PROBLEM DESCRIPTION:
Treat the line with "Folate at physiolofical" as the starting point. Write it out and every line after it through the end of the listing below, exactly.

___ RECORDS FOR THE EXERCISE

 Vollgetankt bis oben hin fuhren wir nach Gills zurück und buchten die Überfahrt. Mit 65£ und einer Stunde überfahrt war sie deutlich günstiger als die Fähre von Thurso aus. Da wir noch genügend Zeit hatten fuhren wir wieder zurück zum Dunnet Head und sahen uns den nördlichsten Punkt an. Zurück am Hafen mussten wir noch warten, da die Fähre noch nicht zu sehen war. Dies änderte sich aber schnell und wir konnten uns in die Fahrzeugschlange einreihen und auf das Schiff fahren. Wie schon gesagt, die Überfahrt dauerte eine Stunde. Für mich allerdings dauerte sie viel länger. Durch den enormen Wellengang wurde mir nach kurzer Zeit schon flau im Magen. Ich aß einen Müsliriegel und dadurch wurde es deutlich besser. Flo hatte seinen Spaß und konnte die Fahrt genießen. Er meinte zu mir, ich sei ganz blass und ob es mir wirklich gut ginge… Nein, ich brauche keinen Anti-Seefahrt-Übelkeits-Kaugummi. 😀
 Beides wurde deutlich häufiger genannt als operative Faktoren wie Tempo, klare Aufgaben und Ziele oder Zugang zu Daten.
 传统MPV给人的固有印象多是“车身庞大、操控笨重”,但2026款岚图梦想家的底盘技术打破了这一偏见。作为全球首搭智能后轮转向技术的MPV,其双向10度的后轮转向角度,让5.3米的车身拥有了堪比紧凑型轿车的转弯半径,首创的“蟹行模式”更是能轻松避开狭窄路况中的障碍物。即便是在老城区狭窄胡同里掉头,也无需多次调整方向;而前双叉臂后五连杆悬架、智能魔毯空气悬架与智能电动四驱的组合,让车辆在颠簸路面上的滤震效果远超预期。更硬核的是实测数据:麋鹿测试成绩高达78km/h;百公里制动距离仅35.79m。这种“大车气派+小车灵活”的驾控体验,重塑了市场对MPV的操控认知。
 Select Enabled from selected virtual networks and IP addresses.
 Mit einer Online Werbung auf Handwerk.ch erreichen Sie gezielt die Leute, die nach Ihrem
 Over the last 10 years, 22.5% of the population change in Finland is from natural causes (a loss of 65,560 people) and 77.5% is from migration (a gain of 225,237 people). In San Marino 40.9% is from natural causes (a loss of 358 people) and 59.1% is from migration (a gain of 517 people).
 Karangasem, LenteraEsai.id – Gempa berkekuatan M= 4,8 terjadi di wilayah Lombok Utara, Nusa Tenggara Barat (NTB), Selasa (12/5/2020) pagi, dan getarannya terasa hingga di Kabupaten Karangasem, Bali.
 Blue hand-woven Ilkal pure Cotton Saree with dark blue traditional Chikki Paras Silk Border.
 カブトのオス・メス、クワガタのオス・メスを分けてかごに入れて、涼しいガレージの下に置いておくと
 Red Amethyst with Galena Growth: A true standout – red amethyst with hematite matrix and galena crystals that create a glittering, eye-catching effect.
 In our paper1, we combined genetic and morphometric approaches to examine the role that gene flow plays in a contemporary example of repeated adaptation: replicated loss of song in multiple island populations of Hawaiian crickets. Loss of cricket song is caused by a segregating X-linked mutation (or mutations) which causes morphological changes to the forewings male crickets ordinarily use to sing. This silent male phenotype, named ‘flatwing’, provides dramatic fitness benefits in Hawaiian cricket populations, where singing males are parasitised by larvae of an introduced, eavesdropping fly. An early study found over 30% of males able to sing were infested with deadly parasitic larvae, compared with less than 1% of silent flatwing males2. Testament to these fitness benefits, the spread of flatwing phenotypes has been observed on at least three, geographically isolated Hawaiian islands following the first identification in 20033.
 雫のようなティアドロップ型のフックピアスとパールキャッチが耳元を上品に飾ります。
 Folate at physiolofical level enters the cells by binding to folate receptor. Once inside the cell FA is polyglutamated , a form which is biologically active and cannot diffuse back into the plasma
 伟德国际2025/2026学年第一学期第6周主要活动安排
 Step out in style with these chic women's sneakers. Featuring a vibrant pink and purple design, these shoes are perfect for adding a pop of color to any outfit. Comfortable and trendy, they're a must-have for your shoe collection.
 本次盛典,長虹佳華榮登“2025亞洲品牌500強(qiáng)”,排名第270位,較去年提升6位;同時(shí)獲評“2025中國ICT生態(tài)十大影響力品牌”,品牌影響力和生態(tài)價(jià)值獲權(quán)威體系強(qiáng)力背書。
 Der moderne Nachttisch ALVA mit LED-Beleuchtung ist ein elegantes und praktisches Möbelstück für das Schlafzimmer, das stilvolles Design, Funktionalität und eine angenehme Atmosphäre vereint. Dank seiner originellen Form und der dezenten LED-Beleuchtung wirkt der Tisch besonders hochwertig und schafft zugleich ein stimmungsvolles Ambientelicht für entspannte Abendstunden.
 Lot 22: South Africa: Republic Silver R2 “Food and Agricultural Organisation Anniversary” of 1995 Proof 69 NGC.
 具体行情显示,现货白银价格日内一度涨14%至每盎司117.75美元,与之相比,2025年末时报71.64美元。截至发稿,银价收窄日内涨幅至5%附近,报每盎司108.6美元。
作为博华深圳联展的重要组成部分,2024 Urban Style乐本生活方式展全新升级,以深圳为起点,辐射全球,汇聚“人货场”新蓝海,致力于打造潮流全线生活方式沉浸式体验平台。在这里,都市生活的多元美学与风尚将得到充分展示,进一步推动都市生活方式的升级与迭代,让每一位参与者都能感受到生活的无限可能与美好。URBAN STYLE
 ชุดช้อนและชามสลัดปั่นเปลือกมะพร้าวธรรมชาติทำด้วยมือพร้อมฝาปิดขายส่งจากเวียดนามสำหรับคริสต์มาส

______

OUTPUT OF THE TASK:
 Folate at physiolofical level enters the cells by binding to folate receptor. Once inside the cell FA is polyglutamated , a form which is biologically active and cannot diffuse back into the plasma
 伟德国际2025/2026学年第一学期第6周主要活动安排
 Step out in style with these chic women's sneakers. Featuring a vibrant pink and purple design, these shoes are perfect for adding a pop of color to any outfit. Comfortable and trendy, they're a must-have for your shoe collection.
 本次盛典,長虹佳華榮登“2025亞洲品牌500強(qiáng)”,排名第270位,較去年提升6位;同時(shí)獲評“2025中國ICT生態(tài)十大影響力品牌”,品牌影響力和生態(tài)價(jià)值獲權(quán)威體系強(qiáng)力背書。
 Der moderne Nachttisch ALVA mit LED-Beleuchtung ist ein elegantes und praktisches Möbelstück für das Schlafzimmer, das stilvolles Design, Funktionalität und eine angenehme Atmosphäre vereint. Dank seiner originellen Form und der dezenten LED-Beleuchtung wirkt der Tisch besonders hochwertig und schafft zugleich ein stimmungsvolles Ambientelicht für entspannte Abendstunden.
 Lot 22: South Africa: Republic Silver R2 “Food and Agricultural Organisation Anniversary” of 1995 Proof 69 NGC.
 具体行情显示,现货白银价格日内一度涨14%至每盎司117.75美元,与之相比,2025年末时报71.64美元。截至发稿,银价收窄日内涨幅至5%附近,报每盎司108.6美元。
作为博华深圳联展的重要组成部分,2024 Urban Style乐本生活方式展全新升级,以深圳为起点,辐射全球,汇聚“人货场”新蓝海,致力于打造潮流全线生活方式沉浸式体验平台。在这里,都市生活的多元美学与风尚将得到充分展示,进一步推动都市生活方式的升级与迭代,让每一位参与者都能感受到生活的无限可能与美好。URBAN STYLE
 ชุดช้อนและชามสลัดปั่นเปลือกมะพร้าวธรรมชาติทำด้วยมือพร้อมฝาปิดขายส่งจากเวียดนามสำหรับคริสต์มาส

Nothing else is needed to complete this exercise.